Live album by Humble Pie
- Released: November 1971
- Recorded: May 28–29, 1971
- Venue: Fillmore East, New York City
- Genre: Hard rock; blues rock; boogie rock; heavy metal;
- Length: 72:39
- Label: A&M
- Producer: Humble Pie

Humble Pie chronology
| Rock On (1971) | Performance: Rockin' the Fillmore (1971) | Smokin' (1972) |

= Performance: Rockin' the Fillmore =

Performance: Rockin' the Fillmore is the 1971 live double-LP/single-CD by the English blues-rock group Humble Pie, recorded at the Fillmore East in New York City on May 28–29, 1971. It reached No. 21 on the Billboard 200, #32 in Canada, and entered the UK Top 40.

==Background==
The hour-long set contains one original song and several cover versions. The song listed as "Four Day Creep" is attributed to the classic blues singer Ida Cox, but bears no melodic or lyrical resemblance to her self-recorded composition of that title. The single version of "I Don't Need No Doctor" was backed with "A Song for Jenny" from the Rock On album, which Marriott wrote for his first wife, Jenny Rylance.

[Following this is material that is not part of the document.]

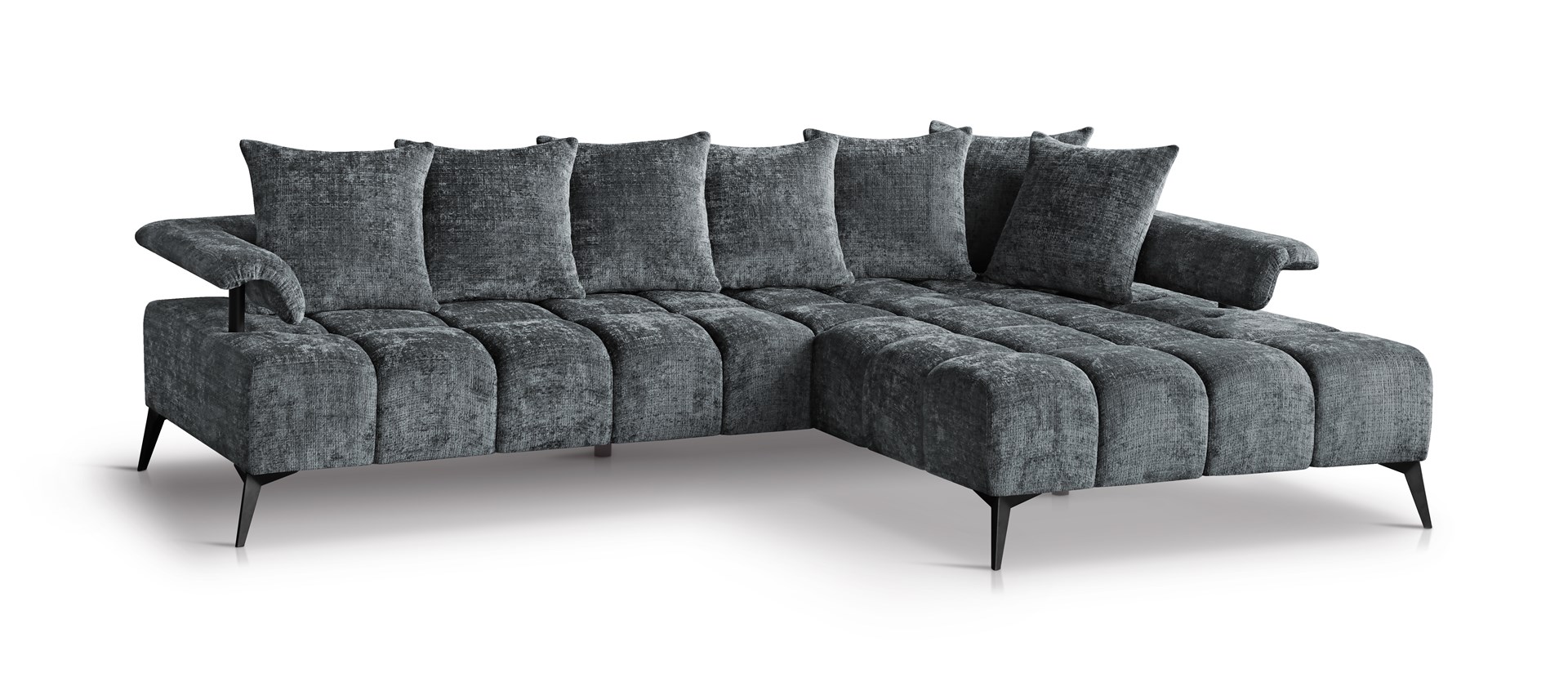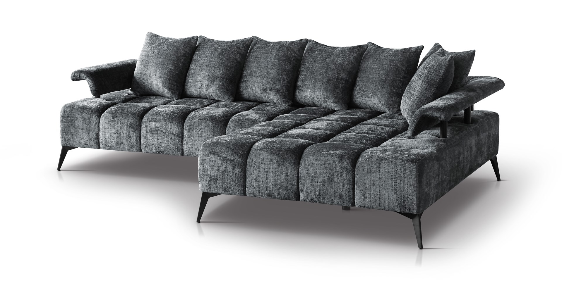 Sofá esquinero sin cama, estructura de muelles en forma de A, costuras decorativas, ribete metálico en el respaldo y patas metálicas negras.
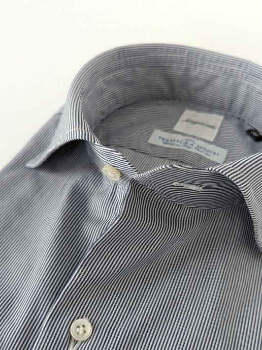 カッティングとパターンの巧みさがこのシャツの真骨頂で、マシンメイドのシャツとして妥協なく作り込んだハイエンドなコレクションです。

After the album was mixed, and shortly before it was released, guitarist Peter Frampton left the band because of growing friction between him and Marriott.

The album's steady sales helped it to become the band's first RIAA gold record. Its popularity helped the band's previous album, Rock On, reach gold album status. "I Don't Need No Doctor" was the biggest hit from the album, having been issued as an edited single and reaching No. 73 on the Billboard Hot 100 in October 1971.

On October 29, 2013, Omnivore Recordings released all four sets recorded that weekend as a four-CD set Performance: Rockin' the Fillmore: The Complete Recordings.

==Critical reception==

Ken Barnes penned a negative review of Performance in Fusion, writing: "In a financially justified but slightly crass bid to attract the reds-whites-and-blues crowd, the group has gone metal-heavy with a vengeance, and as a result now rocks not only the Fillmore but is rockin' the bottom as well. In short, this leaden collection of sledge-hammered Blues and over-extended, under-inspired improvisations is pretty dismal." Billboard reviewed the album more favourably, commenting that it is "full of the dynamic, raw-gut force of the hardest kind of hard rock", particularly praising "Hallelujah (I Love Her So)". Writing in Christgau's Record Guide (1981), Robert Christgau quipped: "Lotsa getdown vocals, lotsa getdown guitar, and an important political message, which is that short guys get laid more than normal people. A lie."

Paul Morris of The Rough Guide to Rock (1999) named it a "ground-breaking live double LP" which captured Humble Pie's quintessential sound, adding: "On this, Marriott, the consummate showman, employed his gutsy baritone to spine-chilling effect on lengthy and thrilling reworkings of both originals and Blues standards." He also named it one of Humble Pie's most recommended recordings, and "one of rock's most powerful live albums." Reviewing the album in The Great Rock Discography (2006), Martin C. Strong commented on Marriot's powerful stage presence, noting how he "[blazes] his way through a fiery set of boogie-based Blues-rock, both Humble Pie originals and frenetic covers".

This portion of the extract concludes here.